WORK INSTRUCTION: Drop the pictures from the entries below, then reproduce the rest exactly.

:::::

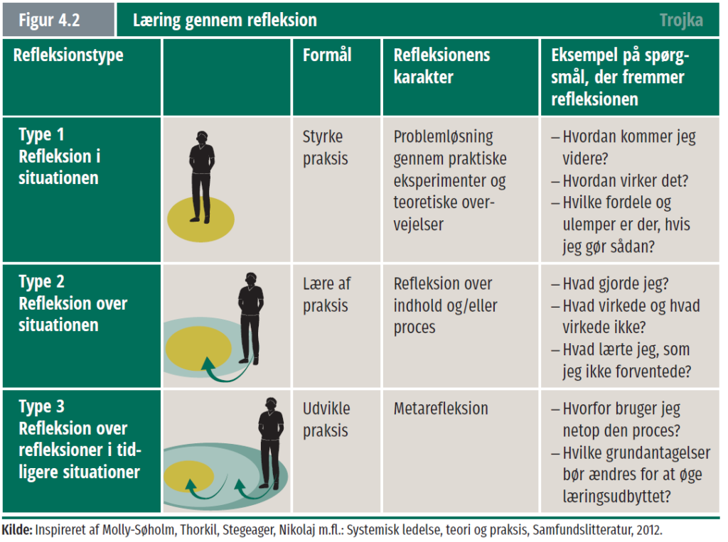 Refleksionstype 3. Her kan du stille dig selv spørgsmål som: Hvorfor bruger vi netop den fremgangsmåde? Hvis vi tænker anderledes, hvordan kan vi så øge læringsudbyttet?
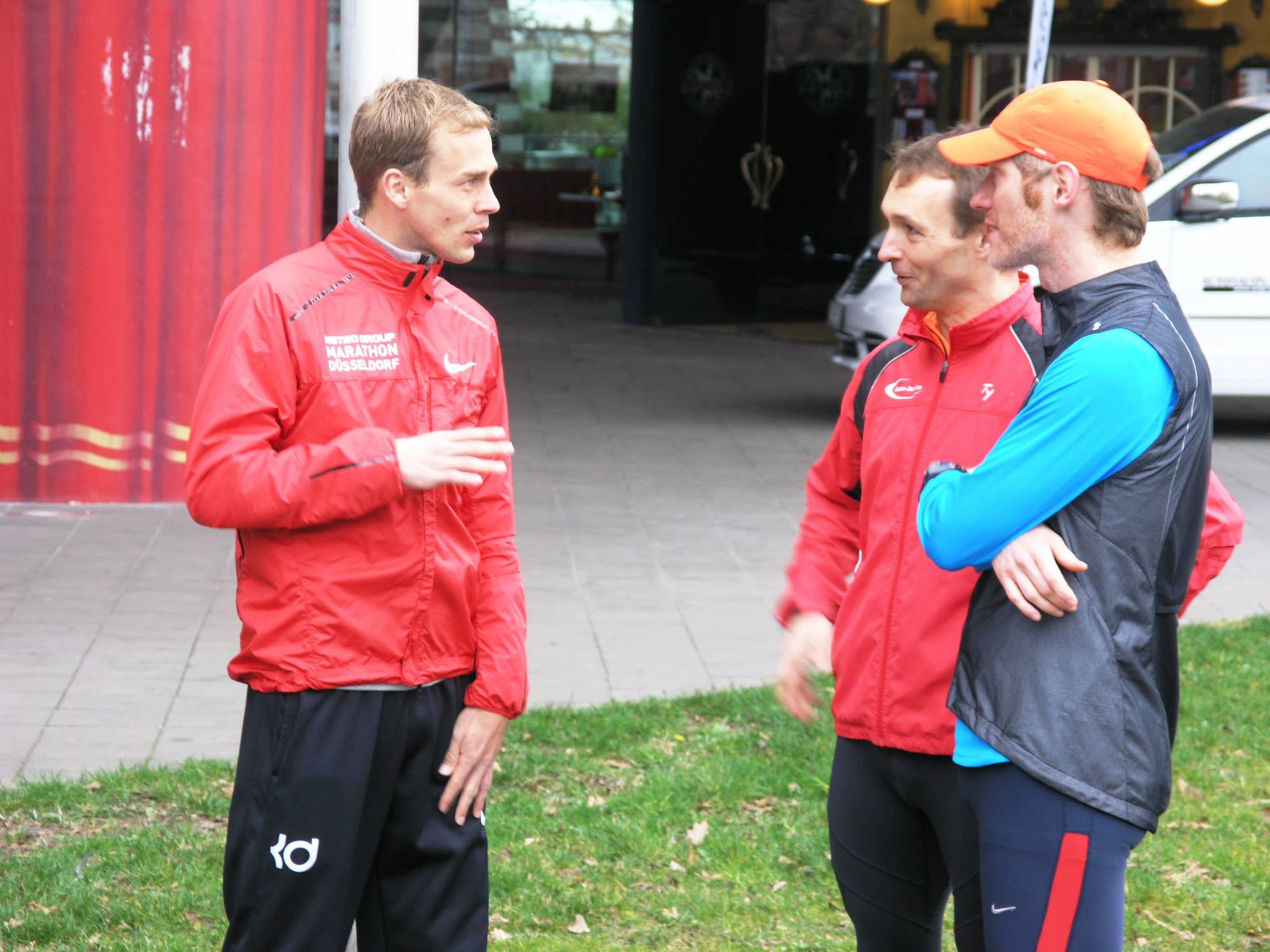 nett war's. Obwohl ich in diesem Tempo eigentlich sehr sicher bin war ich vor dem Läufchen sehr unsicher. Wie mir ging es wohl noch einigen anderen denn Andre meinte es hätten sich 6 oder 7 Leute angemeldet von denen jedoch nur ich die Halbe Strecke laufen mag. Gekommen ist dann außer mir niemand. Andre hatte noch Nikki Johnstone dabei (versucht 2:31 in Edinburgh zu laufen) und ich habe zum Glück noch vor dem Start Heiko Schmittipaldi getroffen. Da er heimisch ist in DDorf machte er mir direkt Mut daß wir nicht mit dem Shuttle zurück fahren müssen, er kenne sich schließlich aus.
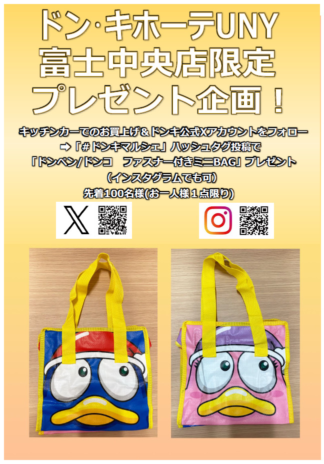 ③キッチンカーでお買上げ&ドンキ公式X or 公式インスタグラムをフォロー&ハッシュタグ「#ドンキマルシェ」で投稿すると「ドンペン/ドンコ ファスナーつきミニBAG」をプレゼント。※先着100名様。
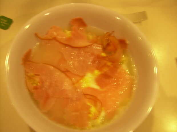 Toma un sorbo de té, la mano en esa bolsa de jamón y sacar unas lonchas. Ahora rasgar en pedazos individuales pequeños y soltarlos en el ramen. Añadir más o menos jamón al gusto. Yo mismo soy un Meatatarian (es una opción de vida, sé), así que tuve un poco de jamón en mi ramen.
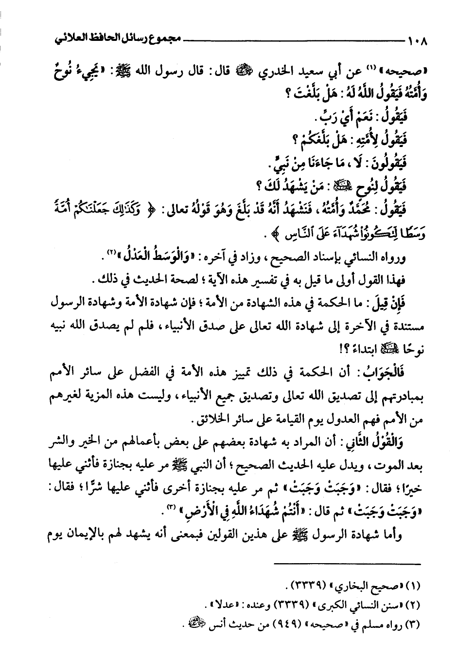"صحيحه" (¬1) عن أبي سعيد الخدري -رضي اللَّه عنه- قال: قال رسول اللَّه -صلى اللَّه عليه وسلم-: "يَجِيءُ نُوحٌ وَأُمَّتُهُ فَيقَولُ اللَّهُ لَهُ: هَل بَلَّغتَ؟

:::::

SOLUTION TO THIS TASK:
 Refleksionstype 3. Her kan du stille dig selv spørgsmål som: Hvorfor bruger vi netop den fremgangsmåde? Hvis vi tænker anderledes, hvordan kan vi så øge læringsudbyttet?
 nett war's. Obwohl ich in diesem Tempo eigentlich sehr sicher bin war ich vor dem Läufchen sehr unsicher. Wie mir ging es wohl noch einigen anderen denn Andre meinte es hätten sich 6 oder 7 Leute angemeldet von denen jedoch nur ich die Halbe Strecke laufen mag. Gekommen ist dann außer mir niemand. Andre hatte noch Nikki Johnstone dabei (versucht 2:31 in Edinburgh zu laufen) und ich habe zum Glück noch vor dem Start Heiko Schmittipaldi getroffen. Da er heimisch ist in DDorf machte er mir direkt Mut daß wir nicht mit dem Shuttle zurück fahren müssen, er kenne sich schließlich aus.
 ③キッチンカーでお買上げ&ドンキ公式X or 公式インスタグラムをフォロー&ハッシュタグ「#ドンキマルシェ」で投稿すると「ドンペン/ドンコ ファスナーつきミニBAG」をプレゼント。※先着100名様。
 Toma un sorbo de té, la mano en esa bolsa de jamón y sacar unas lonchas. Ahora rasgar en pedazos individuales pequeños y soltarlos en el ramen. Añadir más o menos jamón al gusto. Yo mismo soy un Meatatarian (es una opción de vida, sé), así que tuve un poco de jamón en mi ramen.
"صحيحه" (¬1) عن أبي سعيد الخدري -رضي اللَّه عنه- قال: قال رسول اللَّه -صلى اللَّه عليه وسلم-: "يَجِيءُ نُوحٌ وَأُمَّتُهُ فَيقَولُ اللَّهُ لَهُ: هَل بَلَّغتَ؟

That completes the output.